You can combine text prompts with audio input in a single request: Endpoint: POST /chat_generate with multipart/form-data

curl -X POST https://api.addisassistant.com/api/v1/chat_generate \
  -H "X-API-Key: YOUR_API_KEY" \
  -F "chat_audio_input=@/path/to/your-audio.wav" \
  -F 'request_data={
    "prompt": "Additional text context here",
    "target_language": "am"
  };type=application/json'

bash

This approach allows you to:

Provide supplementary text context to audio input
Send voice questions with text constraints or clarifications
Combine typed and spoken input in the same request

Attachment Support

You can include file attachments (images, documents) along with text or audio:

curl -X POST https://api.addisassistant.com/api/v1/chat_generate \
  -H "X-API-Key: YOUR_API_KEY" \
  -F "image1=@/path/to/image.jpg" \
  -F "document1=@/path/to/document.pdf" \
  -F 'request_data={
    "prompt": "Describe these attachments",
    "target_language": "am",
    "attachment_field_names": ["image1", "document1"]
  };type=application/json'

bash

Important: You must list all attachment field names in the attachment_field_names array in the JSON parameters.

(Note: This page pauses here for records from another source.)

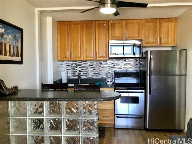 Nicely remodeled 441 sq. feet studio with lanai in Fairway Villa. Fully furnished unit with murphy bed, futon, and cube storage, Vinyl flooring, granite counters, ceiling fan, and travertine shower, microwave, A/C, washer/dryer, & parking stall. Well maintained building w/ 24 hour security, jacuzzi, sauna, pool, and bbq ea. Max. 2 people. No pets or smoking. Includes water, internet and cable. Electricity separate. Great location - near International Marketplace, Waikiki Target, and Waikiki Beach. $2350 per month (includes GET). Unit available now. Please call (leave msg). Thank you.
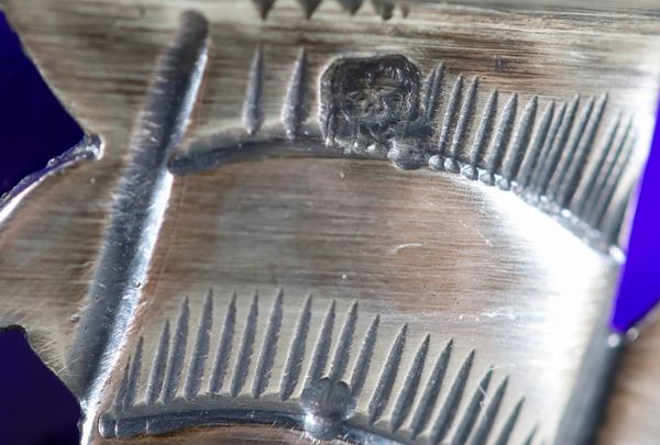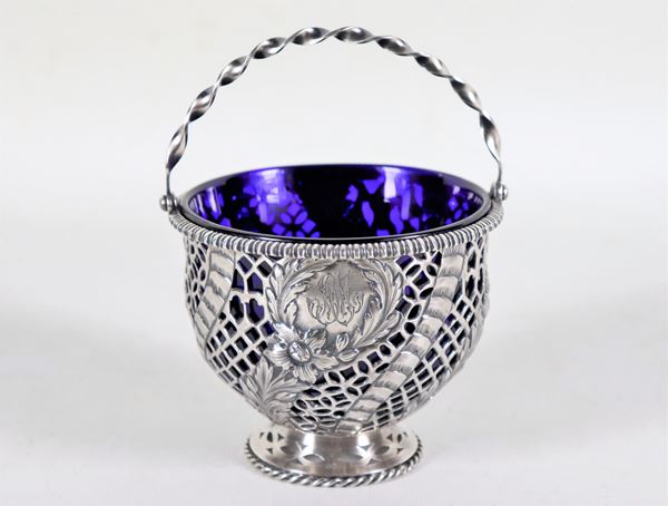 Zuccheriera tonda in argento, cesellata, sbalzata e traforata, con manico a tortiglione e vaschetta in cristallo blu cobalto, gr. 190
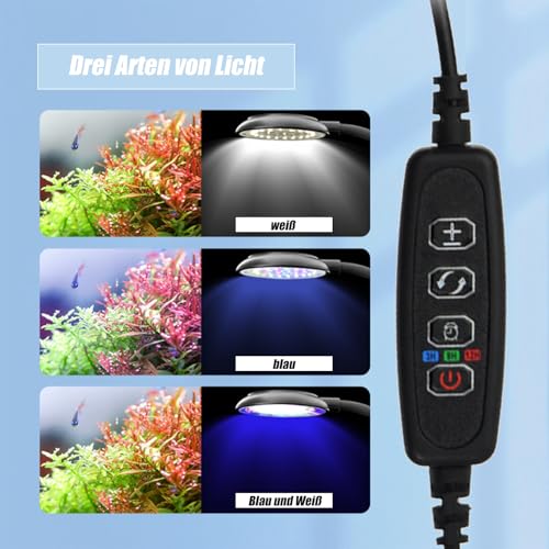 GERUI Aquarium Licht, Clip-on Aquarium Lampe mit Weiß und Blau Licht, 7W für 20-40 cm Aquarien mit Timer und Memoryfunktion Aquarium Beleuchtung geeignet für Wasserpflanzen und Süßwasser Aquarien
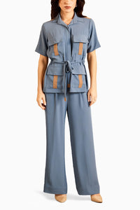 A luxury crepe two piece set with oversized pockets, front-tie and brown tape detailing on top and pants.
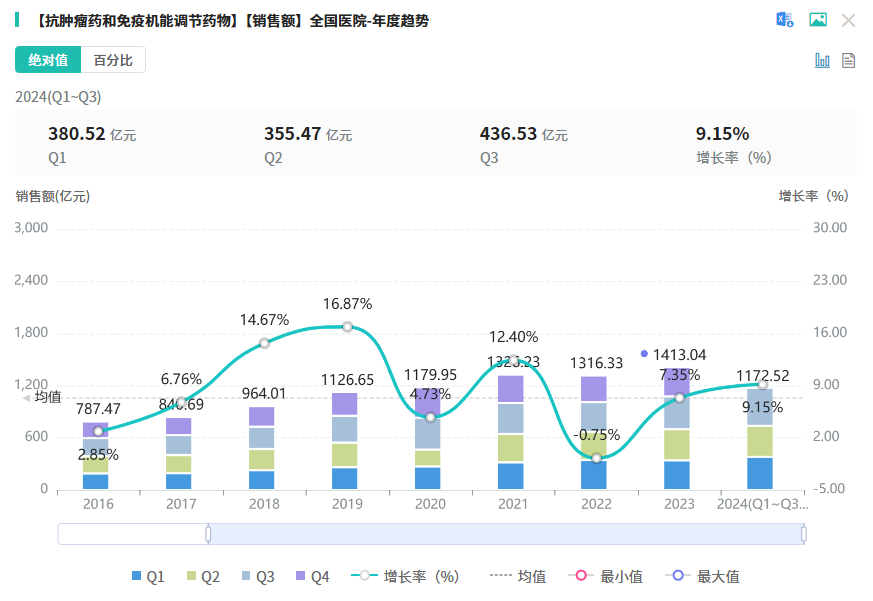 据摩熵医药数据库显示,2024年(Q1-Q3)抗肿瘤药和免疫机能调节药物在全国院内市场的销售总额超1千亿元,同比增长达9.15%。
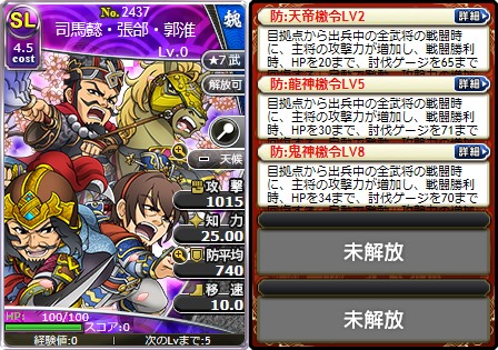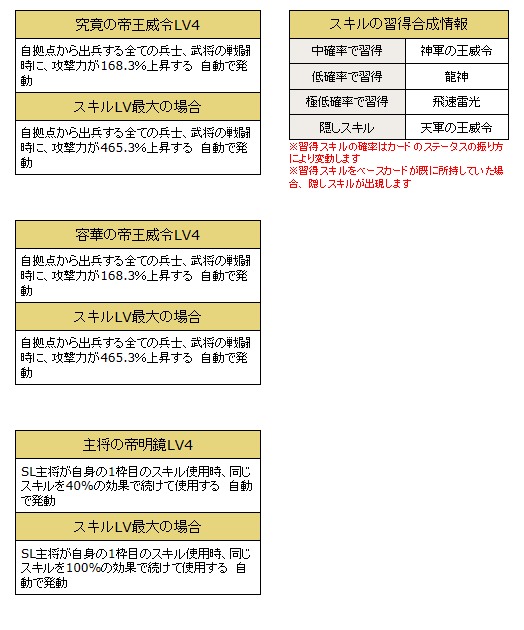 「帝軍の天勅令LV10」「主将の帝明鏡LV4」
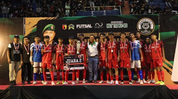 BANYUWANGI – Ribuan pasang mata tertuju ke lapangan GOR Tawang Alun, Sabtu sore (4/10/2025). Sorak penonton menggetarkan tribun saat Banyuwangi Futsal Turnament Dandim Cup
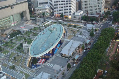 遠看很像一個大飛碟的オアシス21頂樓有一片視線可以貫穿整棟建築物的水池。
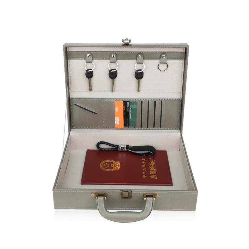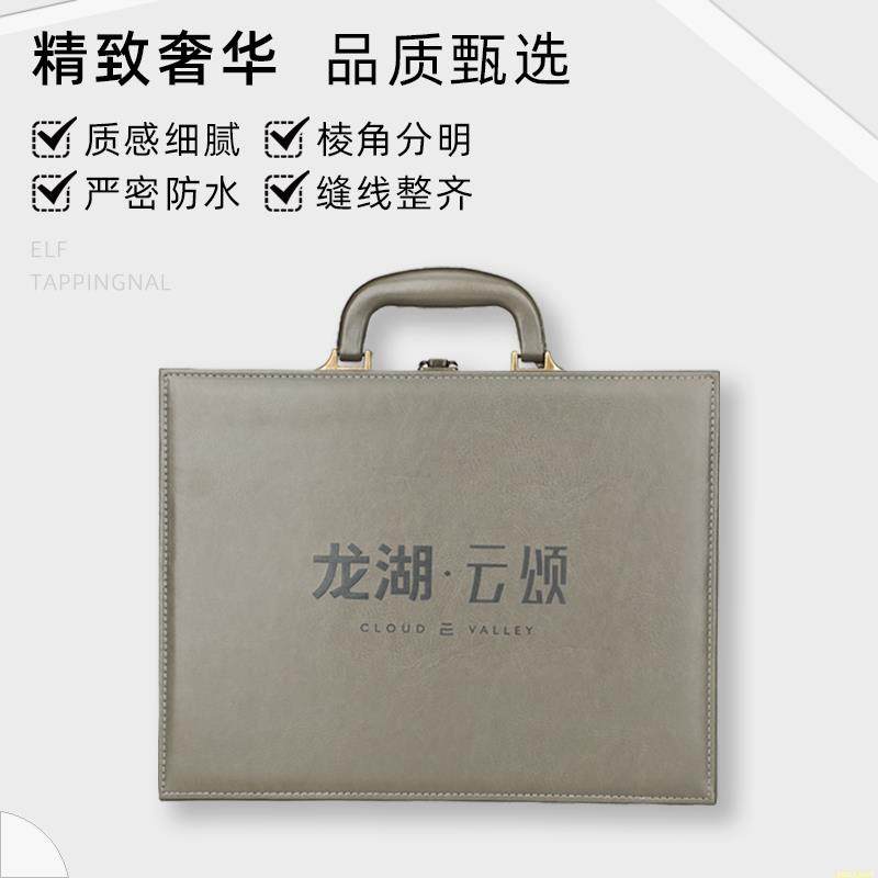 杭州地产龙湖深灰色PU皮革楼盘交付工具箱业主收楼礼品交房盒定制
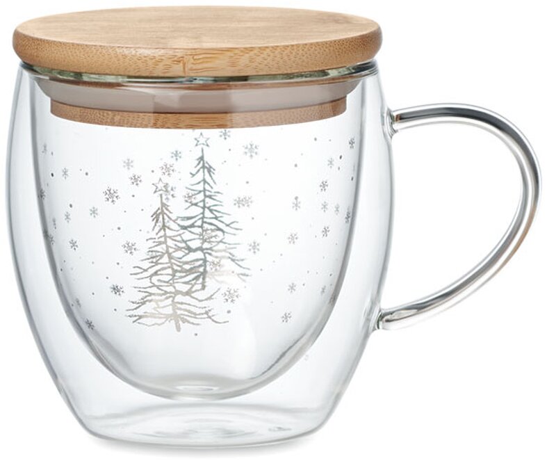 Dvojstěnný hrnek SIAN s designem vánočního stromku. Bambusové víčko se silikonem zabraňuje vylití nápoje. Materiál: borosilikátového sklo. Dvojitá stěna vás ochrání před pálením od horkého nápoje. Objem: 220 ml.
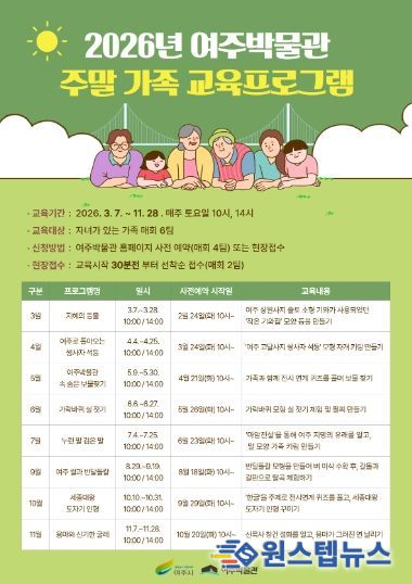 원스텝뉴스 천규영 기자 | 여주시 여주박물관은 오는 3월 7일부터 11월 28일까지 매주 토요일, 가족 단위 관람객을 대상으로 한 ‘2026년 주말 가족 대상 교육프로그램’을 운영한다.
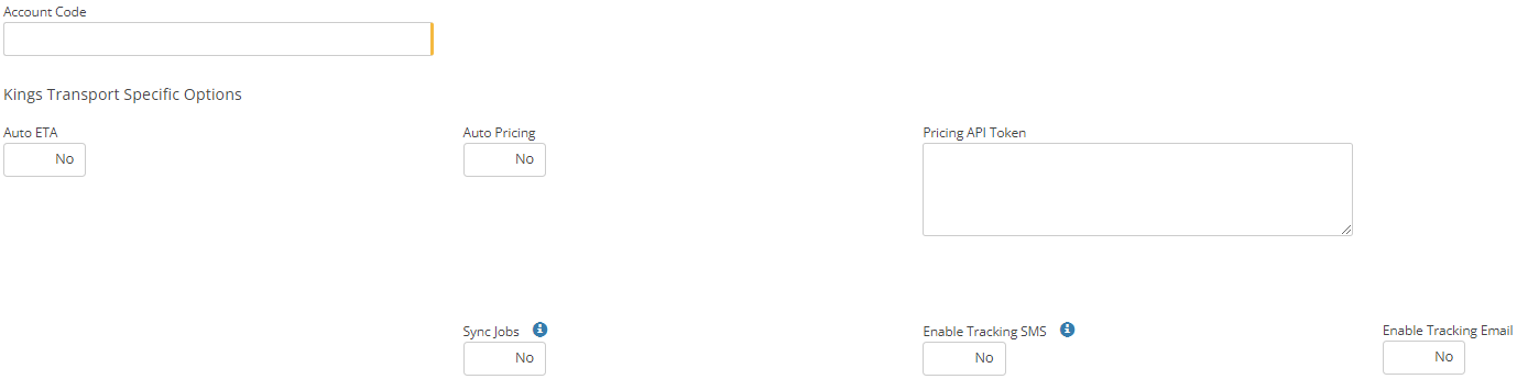 Please note that the Auto ETA and Auto Pricing flags have been set up for a specific account type integration with Kings Transport. If you have not been advised to set these as Yes, please leave them all as No.
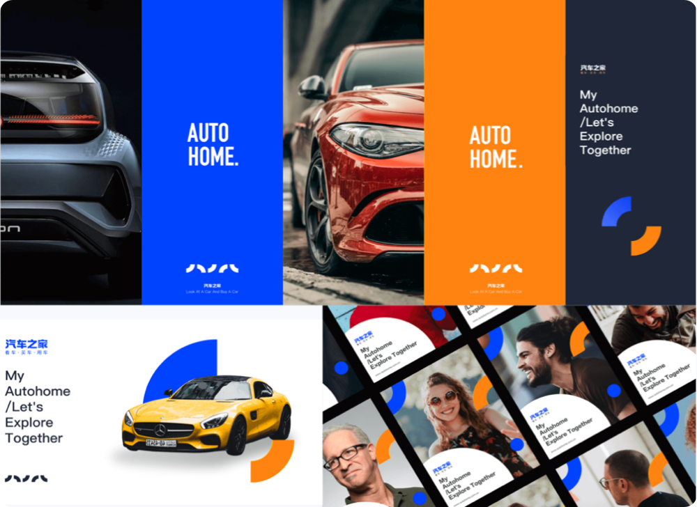 基于品牌logo的笔划结构拆解;融入产品属性(车灯、方向盘、轮胎等)独有调性;结合产品特征及升级目标,提炼超级辅助图形;

Supported Attachment Types

The system supports various file types, including: | File Type | Supported Formats | | --------- | --------------------------------------- | | Images | JPEG, PNG, WebP, GIF (first frame), BMP | | Documents | PDF, TXT, RTF, DOCX, PPTX, XLSX | | Audio | WAV, MP3, M4A, FLAC, OGG, WebM |

Image Analysis

When you include image attachments, Addis AI can:

Describe the contents of images in Amharic or Afan Oromo
Answer questions about visual content
Extract text from images (OCR) and respond to it
Use visual context to inform responses

Sample Image Queries

"ይህን ምስል አብራራልኝ"  (Describe this image)
"በዚህ ምስል ላይ ምን አለ?" (What is in this image?)
"በዚህ ምስል ላይ ስንት ሰዎች አሉ?" (How many people are in this image?)
"በዚህ ምስል ላይ ያለው ጽሑፍ ምንድን ነው?" (What text is in this image?)

text

Document Processing

When you include document attachments, Addis AI can:

Summarize document content in the target language
Answer questions about document content
Extract and analyze information from PDF, Word, or text files
Process bilingual documents and respond in the target language

Response Format with Attachments

Responses to multi-modal inputs follow the standard response format, with the addition of the uploaded_attachments field that contains references to the uploaded files:

{
  "response_text": "The image shows a traditional Ethiopian coffee ceremony...",
  "finish_reason": "stop",
  "usage_metadata": { ... },
  "modelVersion": "Addis-፩-አሌፍ",
  "uploaded_attachments": [
    { "fileUri": "gs://.../file1.png", "mimeType": "image/png" },
    { "fileUri": "gs://.../file2.pdf", "mimeType": "application/pdf" }
  ]
}

json

The uploaded_attachments array contains the file URIs and MIME types that can be referenced in future conversation turns.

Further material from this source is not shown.